**Task directions**
Would you retype exactly the lines below, starting with the one that has "Brinquedo Cegonha Com" and going on through the one that has "紅葉と素晴らしい滝に感動し、2026年の年賀状の図柄は貴久滝にすることに。 |", with no pictures and nothing else?

**Record extracts**
---

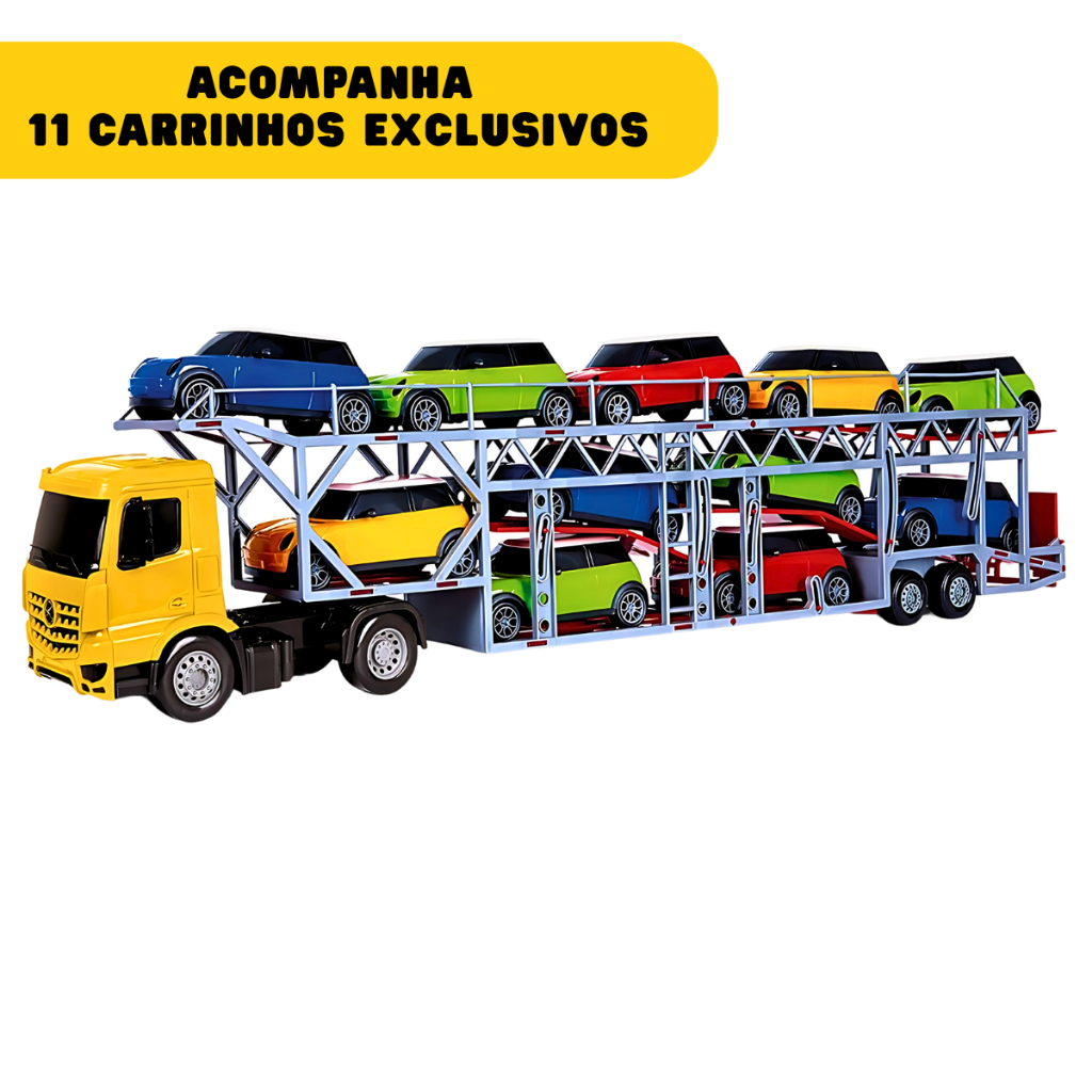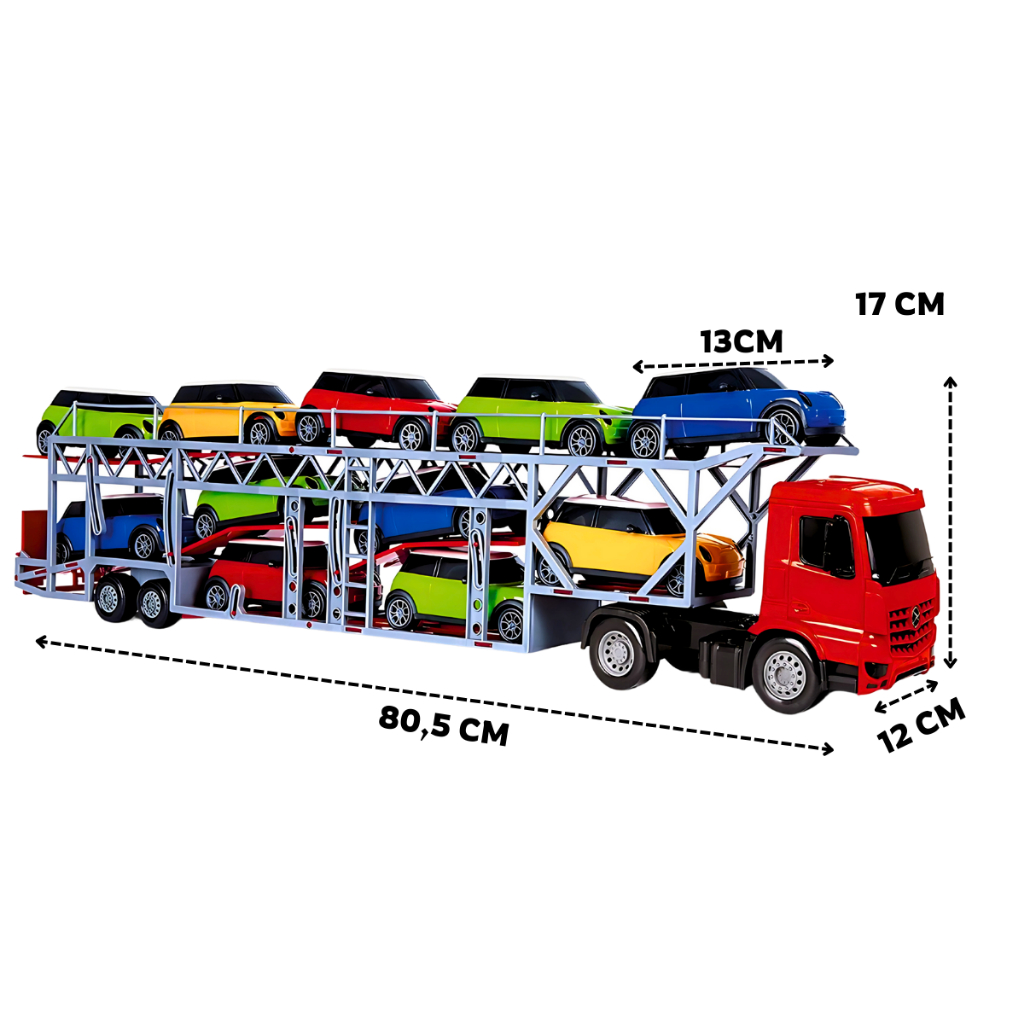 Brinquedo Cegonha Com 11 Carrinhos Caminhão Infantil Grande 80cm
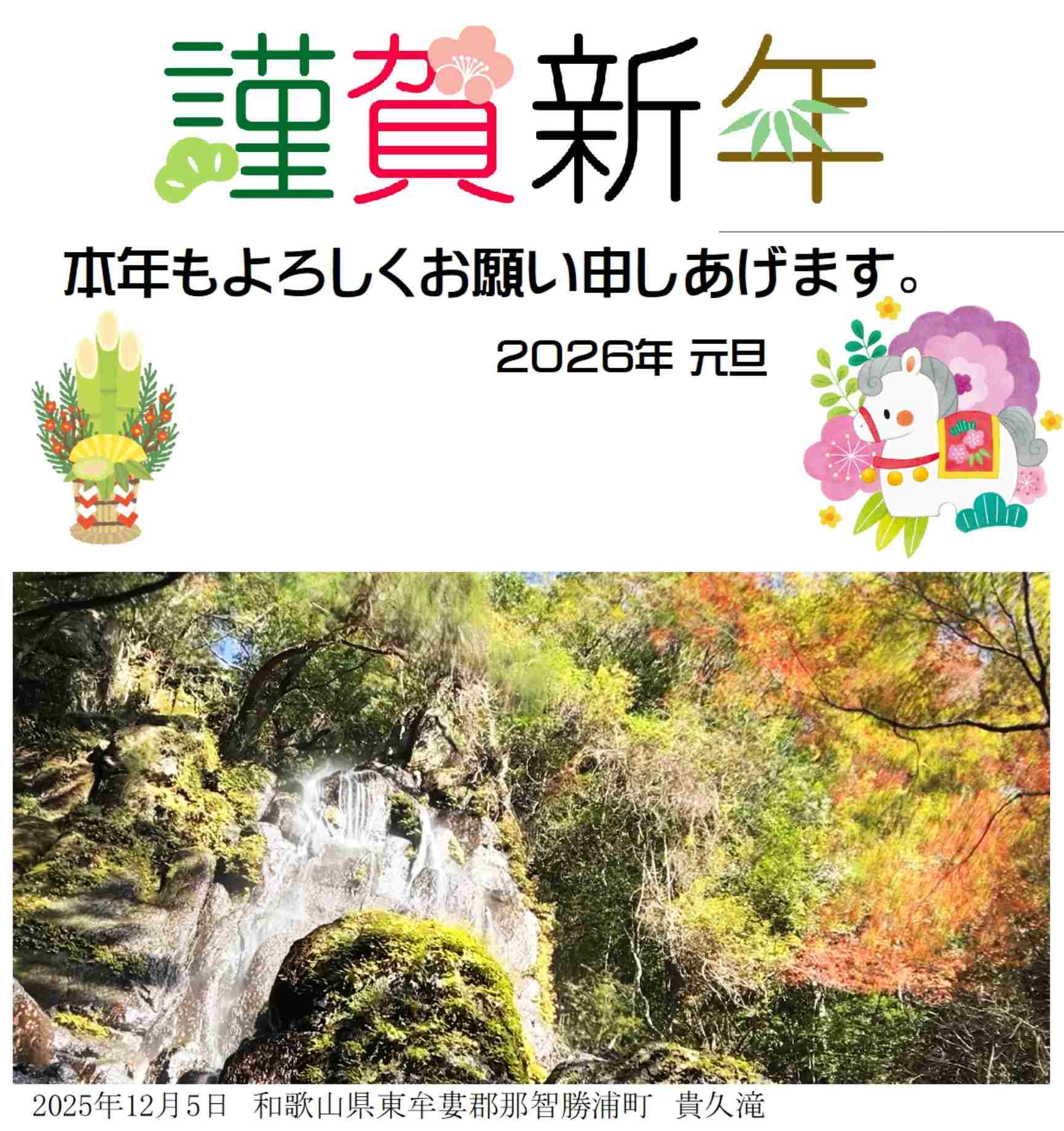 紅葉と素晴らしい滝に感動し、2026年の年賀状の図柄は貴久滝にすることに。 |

---

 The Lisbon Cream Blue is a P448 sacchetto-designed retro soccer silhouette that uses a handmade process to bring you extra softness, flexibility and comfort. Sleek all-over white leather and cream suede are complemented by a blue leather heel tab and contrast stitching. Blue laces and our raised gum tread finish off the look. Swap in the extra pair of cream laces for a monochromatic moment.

---

**Your solution**
 Brinquedo Cegonha Com 11 Carrinhos Caminhão Infantil Grande 80cm
 紅葉と素晴らしい滝に感動し、2026年の年賀状の図柄は貴久滝にすることに。 |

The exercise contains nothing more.